When Louisine Waldron Elder of Philadelphia was a small speculative girl in pigtails she carefully hoarded her pennies and bought a picture from elegant, irascible James A. McNeill Whistler. So impressed was Whistler with little Louisine's good judgment that he gratefully sent her copies of several of his etchings. That was the beginning of the collection exhibited last week. Years later Louisine met and married another collector, the late Henry Osborne Havemeyer, potent sugarman, President of American Sugar Refining Co. It was no longer necessary to save pennies. Together they wandered about the world, buying magnificently. It was Mr. Havemeyer, for whom the present collection is named, who bought the Old Masters. Mrs. Havemeyer, ever interested in what was new, eschewed dealers remembering Whistler. She bought directly from the artists whenever possible.

The paintings piled up. The Havemeyer house on 66th Street & Fifth Avenue, Manhattan, large as it was, began to look like a warehouse. When every inch of wall space was covered, Monets, Manets, Degas were piled in the closets. French bronzes and Japanese ivories found their way into Mr. Havemeyer's silk hats, among his collars. Exuberant, enthusiastic Mrs. Havemeyer kept on buying.

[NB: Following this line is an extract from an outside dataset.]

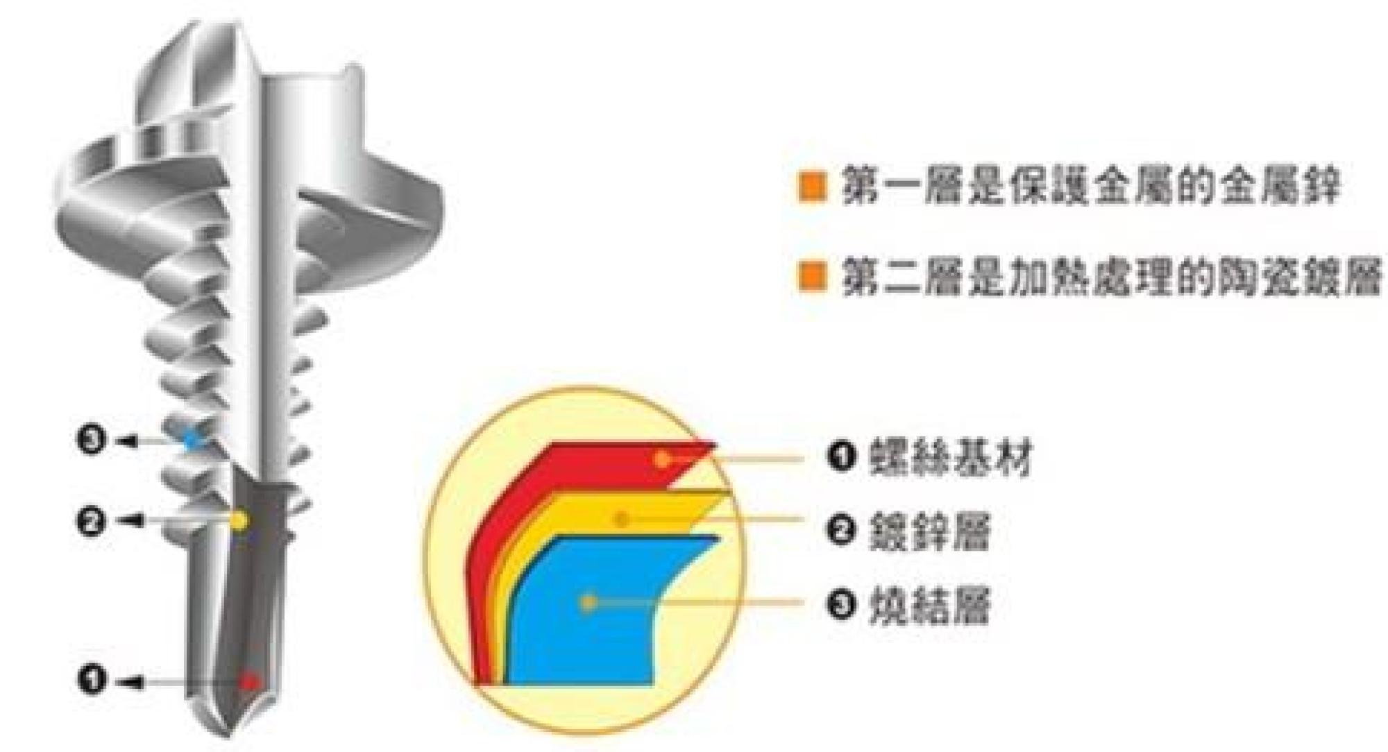 2.在不銹鋼螺釘與表層陶瓷膜之間給予2µ厚度的鍍鋅層,在貫穿攻入完成鎖固後,在內部的斷面金屬與螺釘接觸點,運用電化學原理讓Zn成為陽極持續釋放出電子給予陰極的Fe,完整的防護被鎖固的金屬免淤發生腐蝕。

In her will, probated last January, she left to the Metropolitan Museum a specific group of 142 paintings and works of art to be known as the H. O. Havemeyer Collection. She directed that the Museum should also be given "all such other pictures, paintings, engravings, statuary and other works of art as my son Horace might appoint to it." No less generous than their mother, her son Horace and her daughters Adaline and Electra (now Mrs. Peter H. B. Frelinghuysen of New Jersey and Mrs. James Watson Webb) appointed and appointed until the H. O. Havemeyer Collection was bloated to 1.907 specific objects. More modest than other museum donors, Mrs. Havemeyer specified that her collection was not to be kept separate and sacrosanct but was to be split up and subdivided, after the original exhibition, among the proper museum departments.